▶ What to do: Exact copies of the lines below are the goal; any images in them are dropped.
[Opening Data section]
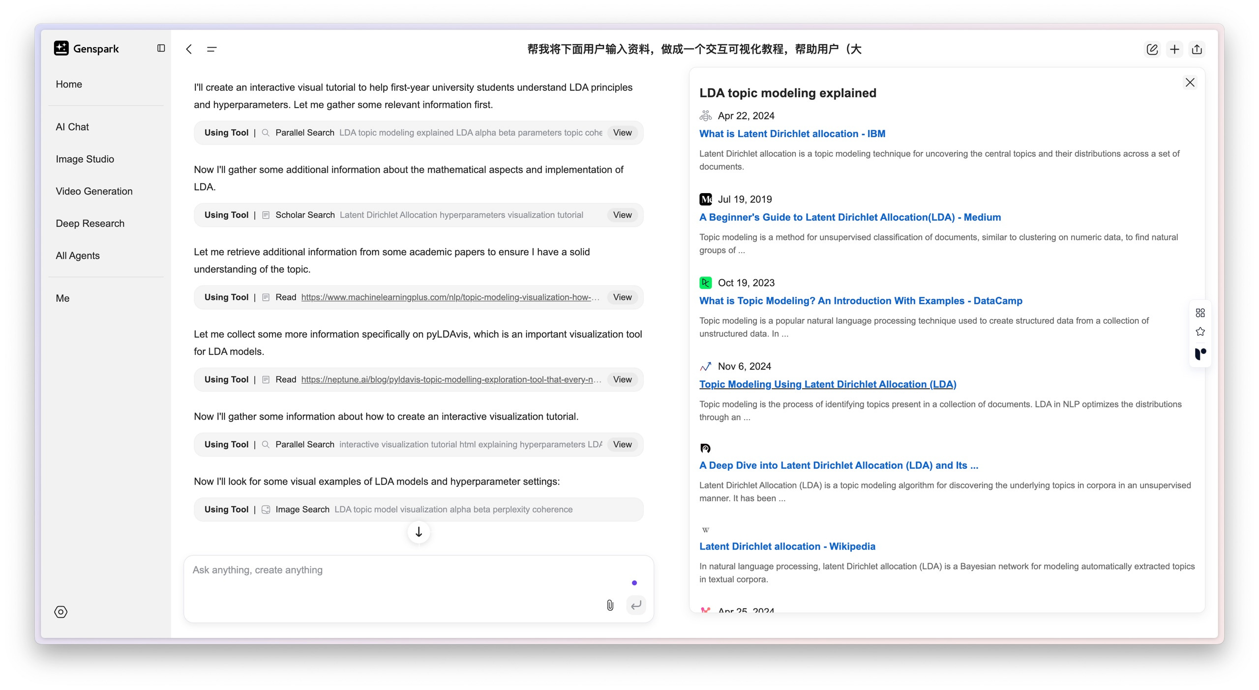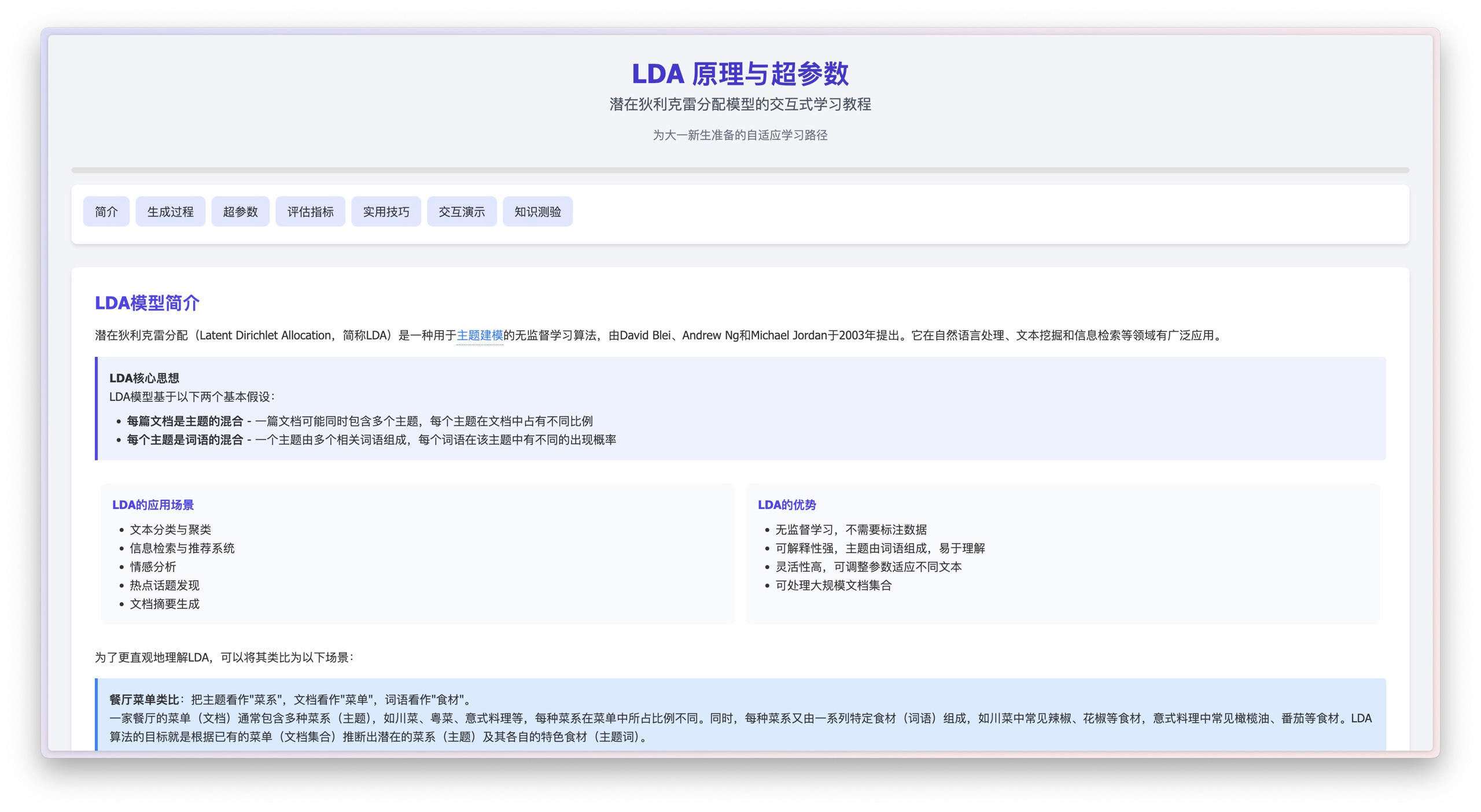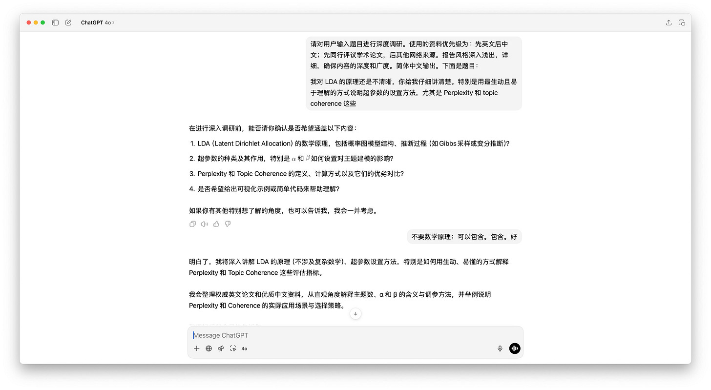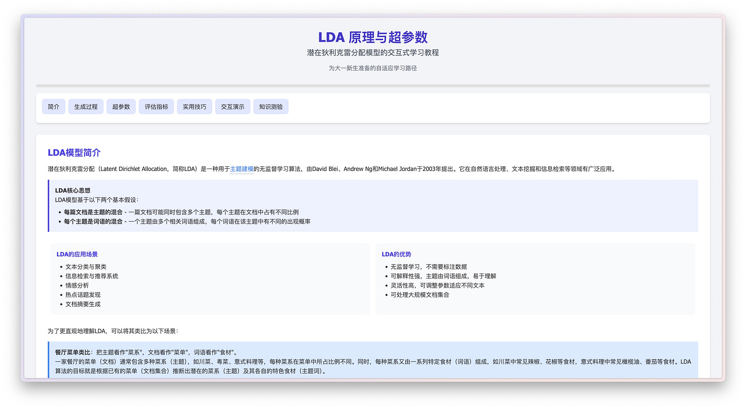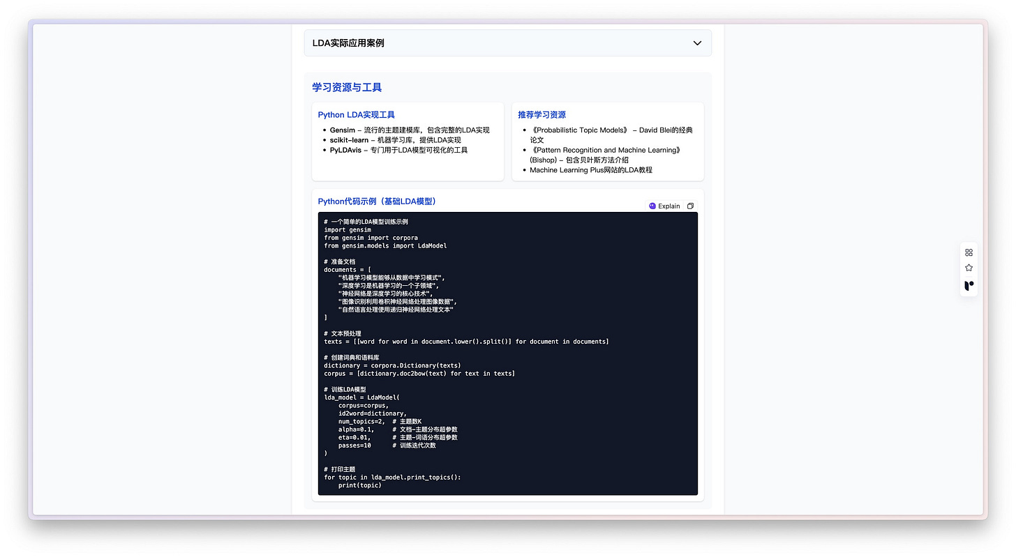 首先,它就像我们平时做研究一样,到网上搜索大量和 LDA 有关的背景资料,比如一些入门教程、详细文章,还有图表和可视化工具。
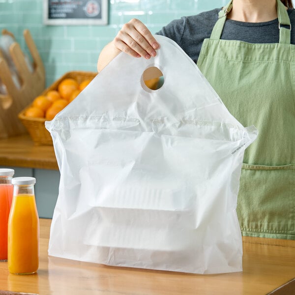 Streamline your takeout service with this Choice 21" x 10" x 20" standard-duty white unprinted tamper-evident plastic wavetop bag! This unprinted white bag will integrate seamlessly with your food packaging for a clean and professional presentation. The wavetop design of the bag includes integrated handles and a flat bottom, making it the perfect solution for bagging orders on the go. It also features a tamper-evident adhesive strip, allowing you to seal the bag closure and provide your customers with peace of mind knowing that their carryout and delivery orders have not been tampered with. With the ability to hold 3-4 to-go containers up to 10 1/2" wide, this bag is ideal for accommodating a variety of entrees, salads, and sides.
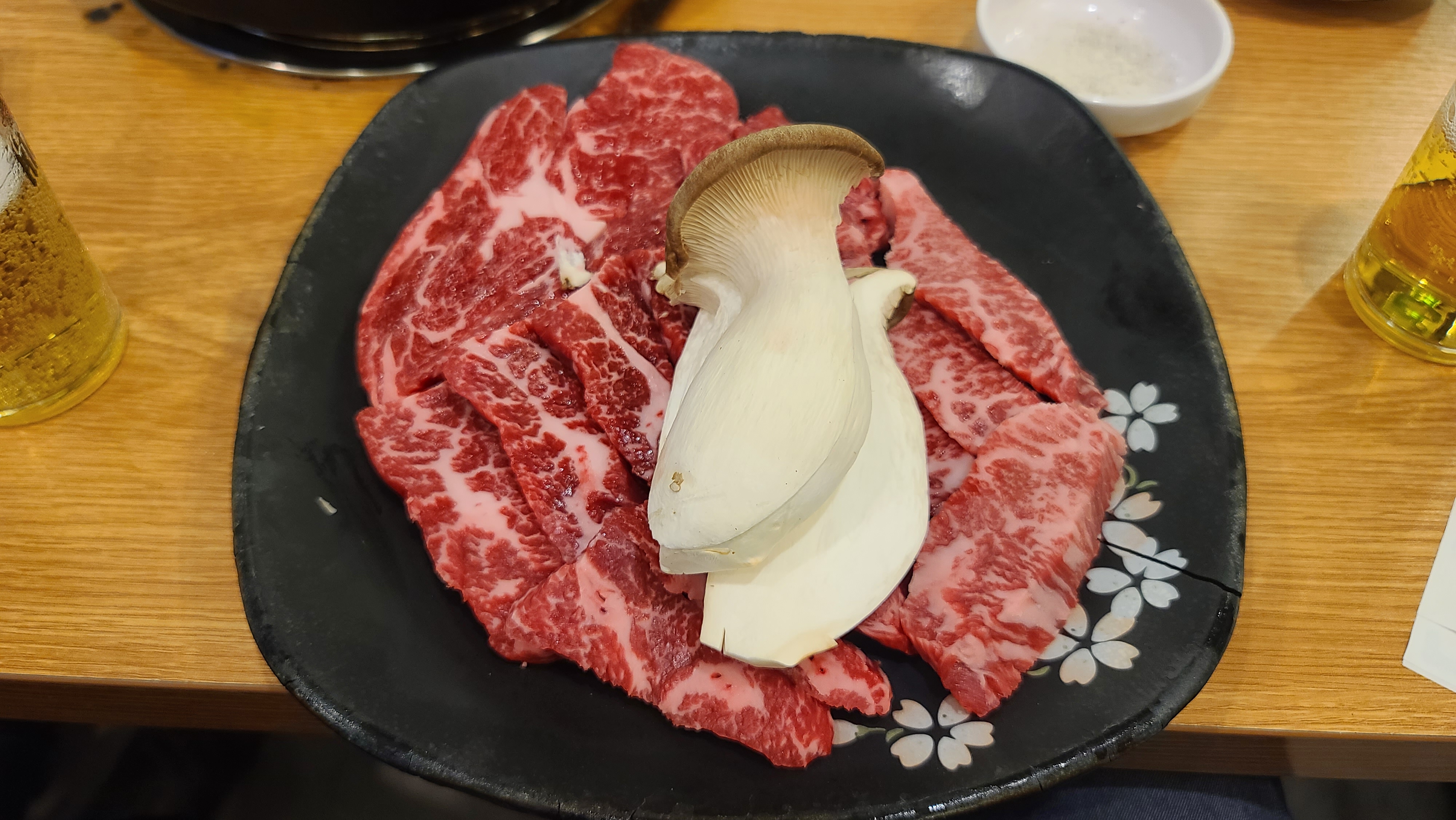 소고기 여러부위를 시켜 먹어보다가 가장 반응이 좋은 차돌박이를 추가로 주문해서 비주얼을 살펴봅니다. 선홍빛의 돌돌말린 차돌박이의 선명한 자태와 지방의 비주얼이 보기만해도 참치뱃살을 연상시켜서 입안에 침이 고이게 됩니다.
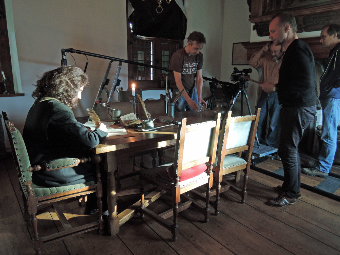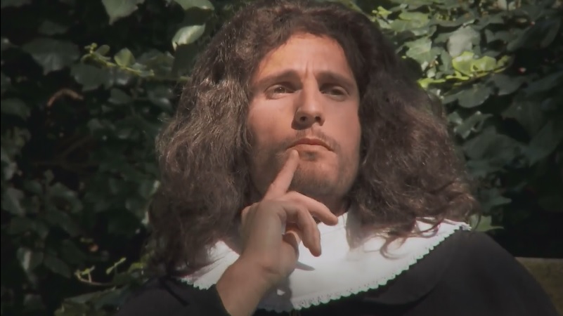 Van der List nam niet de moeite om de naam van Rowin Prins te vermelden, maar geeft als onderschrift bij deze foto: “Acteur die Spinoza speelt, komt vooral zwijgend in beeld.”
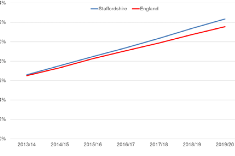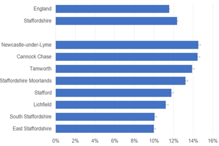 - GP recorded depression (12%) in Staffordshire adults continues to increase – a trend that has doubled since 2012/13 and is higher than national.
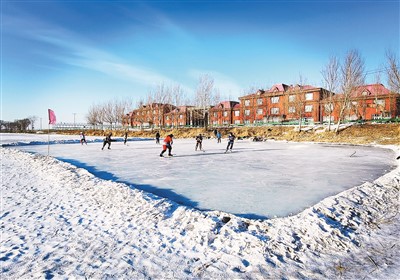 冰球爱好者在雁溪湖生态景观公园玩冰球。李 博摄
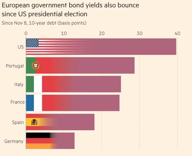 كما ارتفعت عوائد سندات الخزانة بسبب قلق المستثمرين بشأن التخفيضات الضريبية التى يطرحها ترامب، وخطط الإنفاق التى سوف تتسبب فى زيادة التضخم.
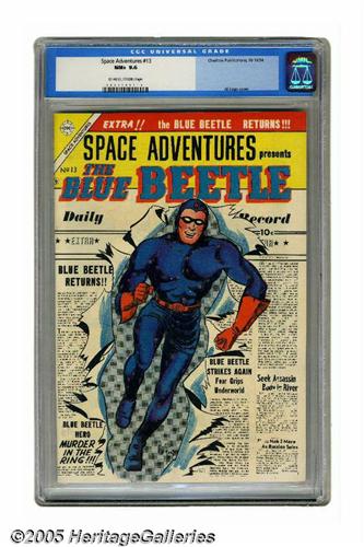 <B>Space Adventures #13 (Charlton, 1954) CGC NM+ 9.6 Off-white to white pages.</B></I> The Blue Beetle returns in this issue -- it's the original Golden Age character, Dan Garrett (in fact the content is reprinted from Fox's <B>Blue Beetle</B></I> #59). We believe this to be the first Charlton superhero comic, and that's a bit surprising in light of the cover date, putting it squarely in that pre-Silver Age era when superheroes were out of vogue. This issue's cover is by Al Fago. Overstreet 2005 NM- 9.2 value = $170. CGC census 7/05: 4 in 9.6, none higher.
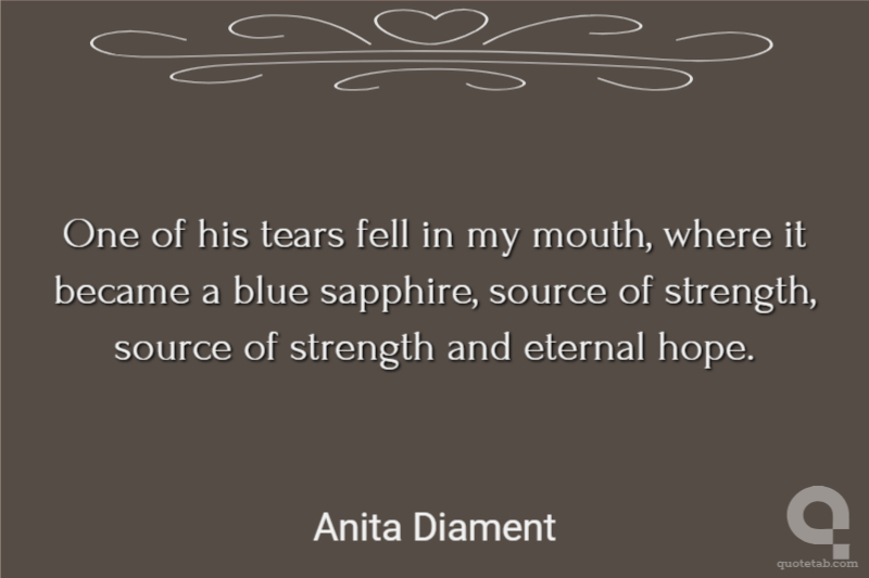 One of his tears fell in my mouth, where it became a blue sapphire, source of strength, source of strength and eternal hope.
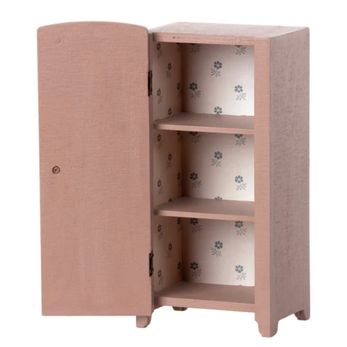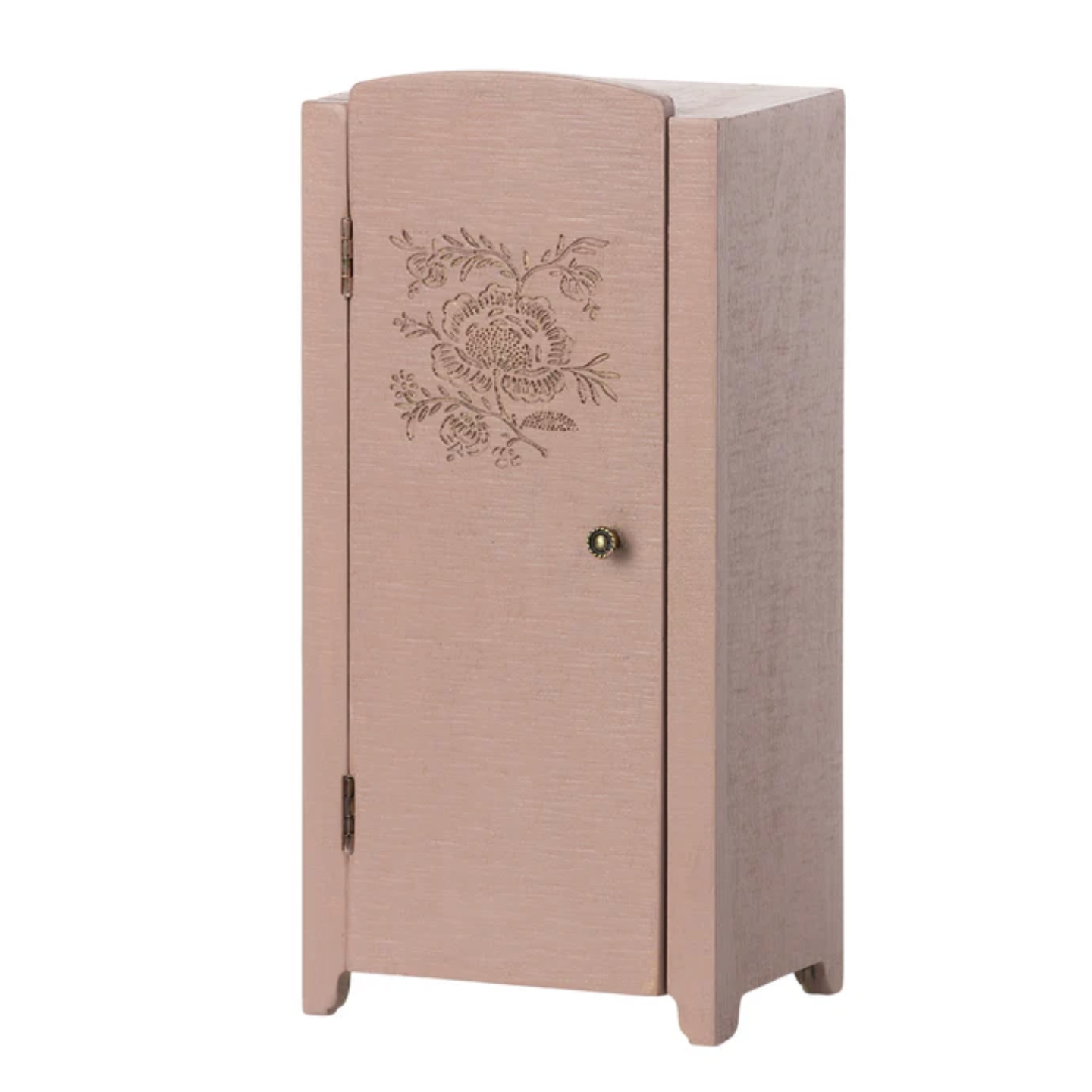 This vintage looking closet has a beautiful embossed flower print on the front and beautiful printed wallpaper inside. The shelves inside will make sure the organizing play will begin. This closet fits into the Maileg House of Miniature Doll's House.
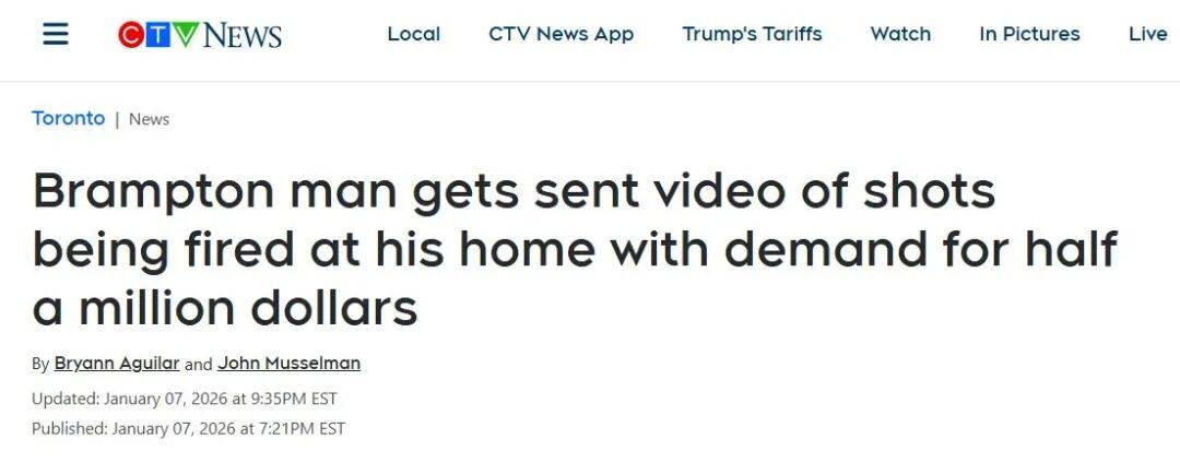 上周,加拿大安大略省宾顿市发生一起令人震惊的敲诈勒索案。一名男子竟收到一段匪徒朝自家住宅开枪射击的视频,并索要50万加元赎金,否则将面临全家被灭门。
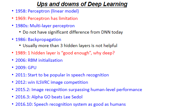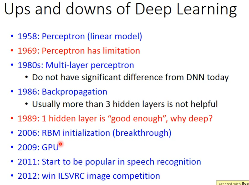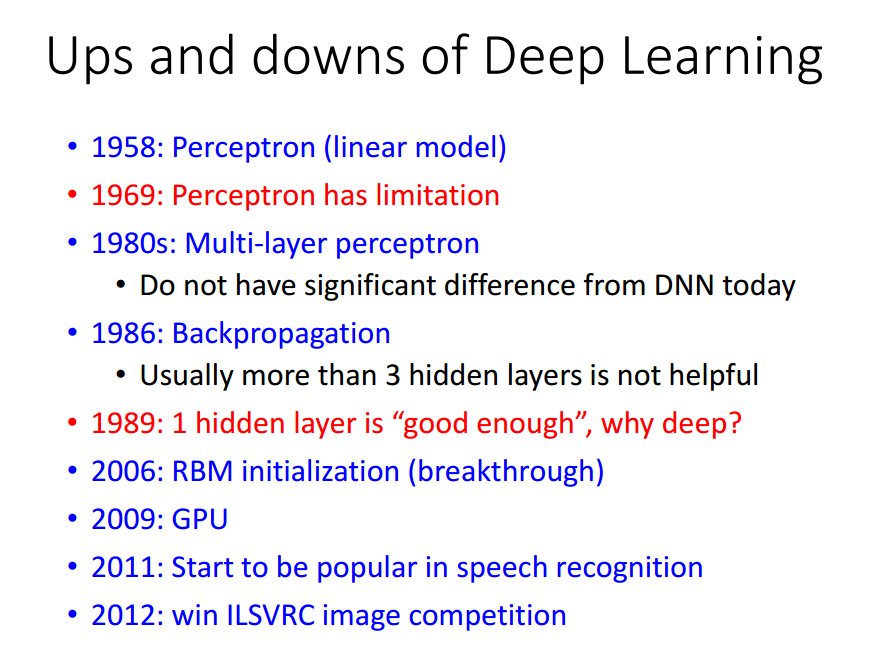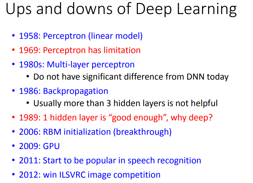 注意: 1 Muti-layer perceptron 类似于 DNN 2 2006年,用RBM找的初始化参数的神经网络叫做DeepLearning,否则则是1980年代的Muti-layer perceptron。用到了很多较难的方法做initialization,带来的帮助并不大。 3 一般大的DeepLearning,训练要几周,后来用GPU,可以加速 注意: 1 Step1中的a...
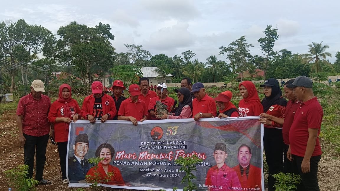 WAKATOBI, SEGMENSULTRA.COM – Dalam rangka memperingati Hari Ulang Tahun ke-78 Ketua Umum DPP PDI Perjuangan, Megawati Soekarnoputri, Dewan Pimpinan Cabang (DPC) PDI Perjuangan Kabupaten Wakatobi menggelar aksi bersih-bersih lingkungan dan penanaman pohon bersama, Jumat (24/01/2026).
[Closing Data section]
▶ Output:
 首先,它就像我们平时做研究一样,到网上搜索大量和 LDA 有关的背景资料,比如一些入门教程、详细文章,还有图表和可视化工具。
 Streamline your takeout service with this Choice 21" x 10" x 20" standard-duty white unprinted tamper-evident plastic wavetop bag! This unprinted white bag will integrate seamlessly with your food packaging for a clean and professional presentation. The wavetop design of the bag includes integrated handles and a flat bottom, making it the perfect solution for bagging orders on the go. It also features a tamper-evident adhesive strip, allowing you to seal the bag closure and provide your customers with peace of mind knowing that their carryout and delivery orders have not been tampered with. With the ability to hold 3-4 to-go containers up to 10 1/2" wide, this bag is ideal for accommodating a variety of entrees, salads, and sides.
 소고기 여러부위를 시켜 먹어보다가 가장 반응이 좋은 차돌박이를 추가로 주문해서 비주얼을 살펴봅니다. 선홍빛의 돌돌말린 차돌박이의 선명한 자태와 지방의 비주얼이 보기만해도 참치뱃살을 연상시켜서 입안에 침이 고이게 됩니다.
 Van der List nam niet de moeite om de naam van Rowin Prins te vermelden, maar geeft als onderschrift bij deze foto: “Acteur die Spinoza speelt, komt vooral zwijgend in beeld.”
 - GP recorded depression (12%) in Staffordshire adults continues to increase – a trend that has doubled since 2012/13 and is higher than national.
 冰球爱好者在雁溪湖生态景观公园玩冰球。李 博摄
 كما ارتفعت عوائد سندات الخزانة بسبب قلق المستثمرين بشأن التخفيضات الضريبية التى يطرحها ترامب، وخطط الإنفاق التى سوف تتسبب فى زيادة التضخم.
 <B>Space Adventures #13 (Charlton, 1954) CGC NM+ 9.6 Off-white to white pages.</B></I> The Blue Beetle returns in this issue -- it's the original Golden Age character, Dan Garrett (in fact the content is reprinted from Fox's <B>Blue Beetle</B></I> #59). We believe this to be the first Charlton superhero comic, and that's a bit surprising in light of the cover date, putting it squarely in that pre-Silver Age era when superheroes were out of vogue. This issue's cover is by Al Fago. Overstreet 2005 NM- 9.2 value = $170. CGC census 7/05: 4 in 9.6, none higher.
 One of his tears fell in my mouth, where it became a blue sapphire, source of strength, source of strength and eternal hope.
 This vintage looking closet has a beautiful embossed flower print on the front and beautiful printed wallpaper inside. The shelves inside will make sure the organizing play will begin. This closet fits into the Maileg House of Miniature Doll's House.
 上周,加拿大安大略省宾顿市发生一起令人震惊的敲诈勒索案。一名男子竟收到一段匪徒朝自家住宅开枪射击的视频,并索要50万加元赎金,否则将面临全家被灭门。
 注意: 1 Muti-layer perceptron 类似于 DNN 2 2006年,用RBM找的初始化参数的神经网络叫做DeepLearning,否则则是1980年代的Muti-layer perceptron。用到了很多较难的方法做initialization,带来的帮助并不大。 3 一般大的DeepLearning,训练要几周,后来用GPU,可以加速 注意: 1 Step1中的a...
 WAKATOBI, SEGMENSULTRA.COM – Dalam rangka memperingati Hari Ulang Tahun ke-78 Ketua Umum DPP PDI Perjuangan, Megawati Soekarnoputri, Dewan Pimpinan Cabang (DPC) PDI Perjuangan Kabupaten Wakatobi menggelar aksi bersih-bersih lingkungan dan penanaman pohon bersama, Jumat (24/01/2026).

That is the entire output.